Lo sottolinea il Censis nel capitolo del suo rapporto dedicato a welfare e salute. E lo hanno capito bene anche gli italiani che confermano l'apprezzamento per il lavoro di medicie degli infermieri. Ma per assistere bambini e anziani amici e parenti restano essenziali. IL CAPITOLO SALUTE DEL RAPPORTO.

“Concentrati su risorse monetarie e tecnologiche, troppo poco si considera che la sanità italiana cammina sulle gambe di oltre 724mila persone, tra le quali oltre 237mila medici, oltre 334mila infermieri, quasi 49mila unità di personale con funzioni riabilitative, oltre 45mila con funzioni tecnico-sanitarie e più di 11mila di vigilanza e ispezione”.
È da questa considerazione che parte il capitolo su Welfare e Salute del  46° Rapporto Censis sulla situazione sociale del Paese. Ma ad essersene accorto non è solo il Censis. Sono anche i cittadini. Infatti il 71,2% degli italiani intervistati, pensando ad una recente esperienza in una struttura sanitaria diversa dallo studio del medico di medicina generale, ha definito gli operatori sanitari gentili e disponibili. Un dato confermato anche sui medici di medicina generale: alla richiesta di esprimere un giudizio con un valore compreso tra 0 e 10, il valore medio indicato dagli italiani è stato pari a 7,7.

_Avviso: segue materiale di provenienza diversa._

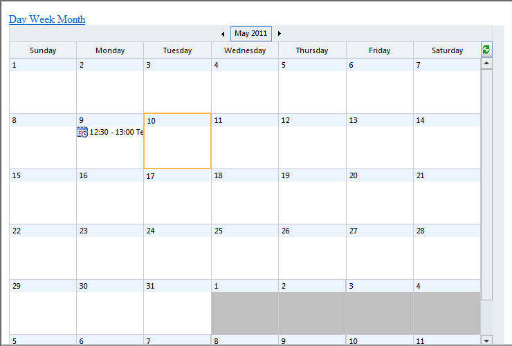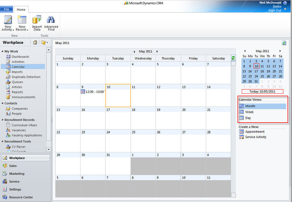 Hi Neil!I tried your example above, and all looks as it should except that I don’t see the appointment on the calendar object itself. And when I try to navigate to the other object (Day, Week or Month), I get a JScript error message. At the bottom of this comment is the error report that is built to be sent to Microsoft. It seems to me that there’s a missing link: how does the object knows to hook up with the activities?Thanks for your time!Error report:Microsoft Dynamics CRM Error Report Contents <CrmScriptErrorReport> <ReportVersion>1.0</ReportVersion> <ScriptErrorDetails> <Message>Unable to get value of the property ‘parentElement’: object is null or undefined</Message> <Line>1</Line> <URL>/_static/calendar/calendar.js?ver=1828130457</URL> <PageURL>/calendar/Month.aspx?date=2012-06-05T14%3a13%3a25Z</PageURL> <Function></Function> <CallStack> </CallStack> </ScriptErrorDetails> <ClientInformation> <BrowserUserAgent>Mozilla/4.0 (compatible; MSIE 7.0; Windows NT 6.1; WOW64; Trident/5.0; SLCC2; .NET CLR 2.0.50727; .NET CLR 3.5.30729; .NET CLR 3.0.30729; Media Center PC 6.0; InfoPath.3; .NET4.0C; .NET4.0E)</BrowserUserAgent> <BrowserLanguage>en-us</BrowserLanguage> <SystemLanguage>en-us</SystemLanguage> <UserLanguage>en-us</UserLanguage> <ScreenResolution>1920×1200</ScreenResolution> <ClientName>Web</ClientName> <ClientTime>2012-06-05T10:13:26</ClientTime> </ClientInformation> <ServerInformation> <OrgLanguage>1033</OrgLanguage> <OrgCulture>1033</OrgCulture> <UserLanguage>1033</UserLanguage> <UserCulture>1033</UserCulture> <OrgID>{A4A4B096-7D76-481A-8A5E-2840FA92F6D1}</OrgID> <UserID>{28A84D3E-F3B7-E011-828F-000C2965EDF5}</UserID> <CRMVersion>5.0.9690.2165</CRMVersion> </ServerInformation></CrmScriptErrorReport>

Migliora, dunque, il rapporto tra medico e pazienti. Un rapporto basato su una complessa interazione sulla quale gioca una molteplicità di variabili tra le quali la tendenza alla raccolta delle informazioni da parte dei cittadini, definita dal Censis “decisiva”. Quasi il 52% degli utilizzatori del web dichiara che gli capita di verificare la diagnosi e le indicazioni del proprio medico su Internet e il 33% di discutere con il medico stesso i risultati delle proprie ricerche sul web.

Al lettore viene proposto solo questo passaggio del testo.